Мир истории: Русские земли в XIII-XV веках
Шрифт:
Новгород был не только спорным городом между Москвой и Литовско-Русским княжеством. Новгород был носителем децентрализованного начала, новгородское боярство не желало попадать в зависимость ни от Москвы, ни от Литвы, ни от какой-либо другой княжеской власти. Князей в Новгороде привыкли часто приглашать и так же провожать. Симеон попытался сломать эти порядки, установив свою власть в Новгороде на длительный период. Как мы знаем, он не покончил с новгородской вольностью, но его требование к новгородским послам могло быть пробой сил Москвы, как бы знамением грядущих перемен на Руси.
Показать
Установление московского контроля над Новгородом во время Симеона наталкивалось на серьезные препятствия не только в Новгороде.
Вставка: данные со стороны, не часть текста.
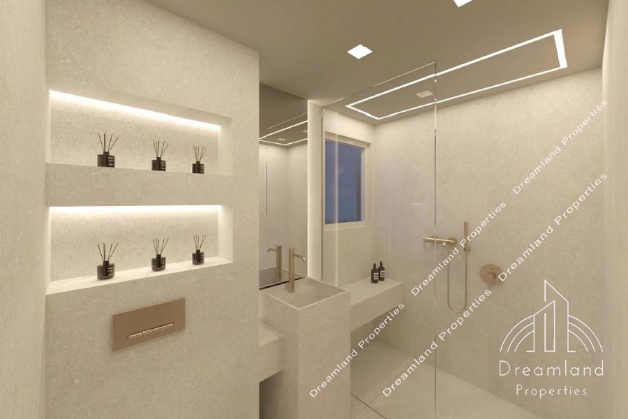 ALIMOS, Newly-Built Luxurious Whole-Floor Apartment 100 sq.m., 3rd Floor, 3 Bedrooms (1 Master), 2 Bathrooms, Large Living Room - Dining Area, Spacious Kitchen, Autonomous Underfloor Heating with Heating Pump, Fireplace, Solar Water Heater, A/Cs, Common Use of Garden and Swimming Pool, Security Door, 1 Parking Spot, Luxurious Construction, Under Construction, Bright, Price 470.000 Euros (Listing code: 3808).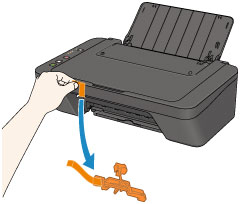 Ако предпазният материал или лепенката все още са там, приберете удължението на изходната тава и изходната тава за хартия, за да ги отстраните.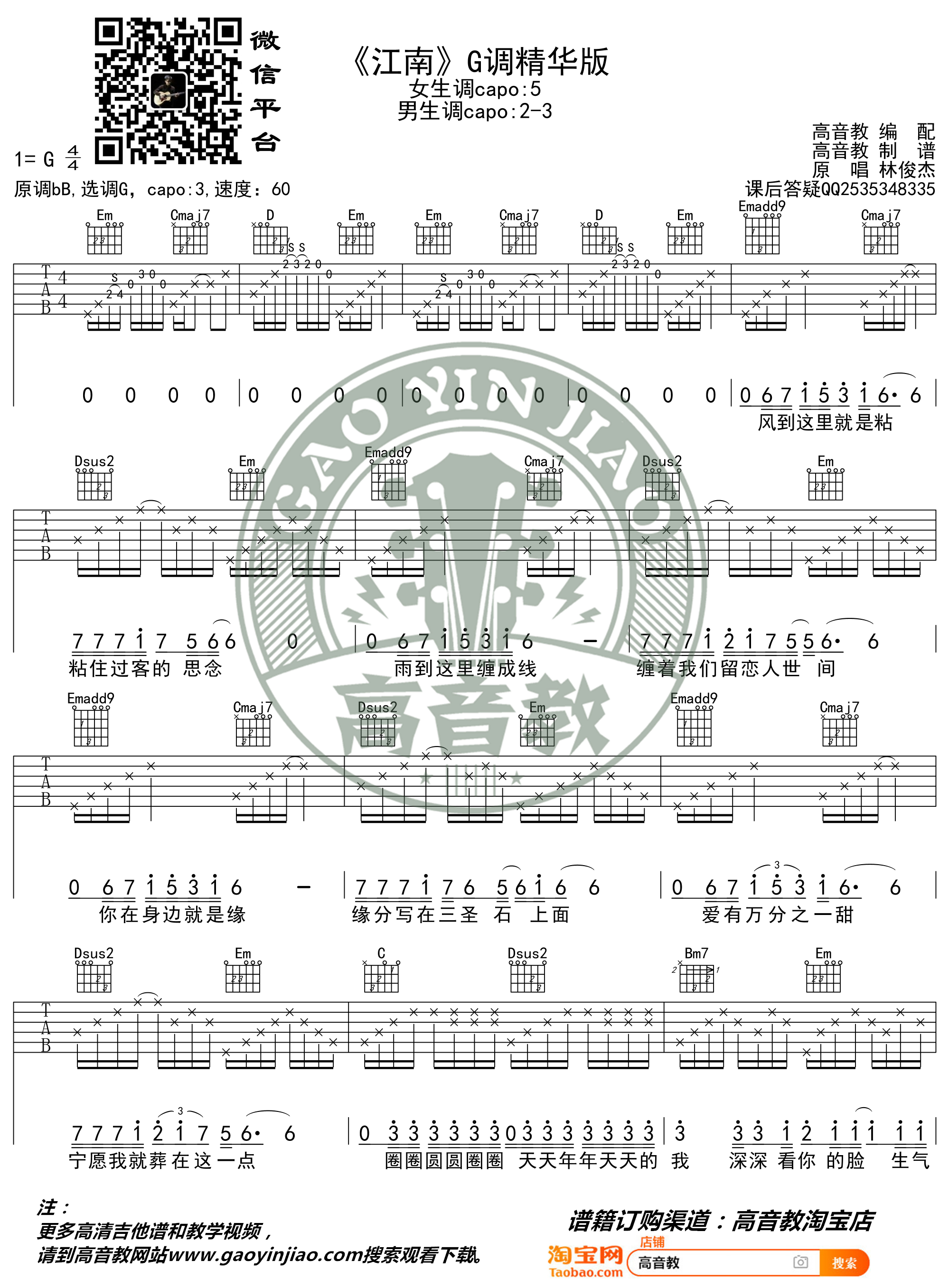 曲谱介绍: 林俊杰《江南》吉他弹唱谱,采用G调指法编配,共有2张高清图谱,免翻页排版设计。

Князь Симеон должен был считаться с ордынской политикой. Он понимал, что полное подчинение Новгорода, а отсюда и усиление Москвы вызовет опасения в Орде и он лишится ее поддержки. Симеон привел новгородцев к покорности, утвердил на Новгородской земле авторитет великокняжеской власти, но добиться полного подчинения Новгорода Москве даже не пытался. И был прав.
Ольгерд обеспокоился усилением Симеоновых позиций в Новгороде и поспешил остеречь хана и настроить его против Москвы. Он послал к хану Джанибеку своего брата Кориада пррсить ордынских сабель против Симеона.
Симеон получил весточку о хлопотах Ольгерда и сам отправил посольство в Орду. Осторожность с новгородцами помогла Симеону. Он писал хану: «Ольгерд опустошил твои улусы (юго-западные русские волости) и вывел их в плен; теперь то же хочет сделать и с нами, твоим верным улусом, после чего, разбогатевши, вооружится и на тебя самого».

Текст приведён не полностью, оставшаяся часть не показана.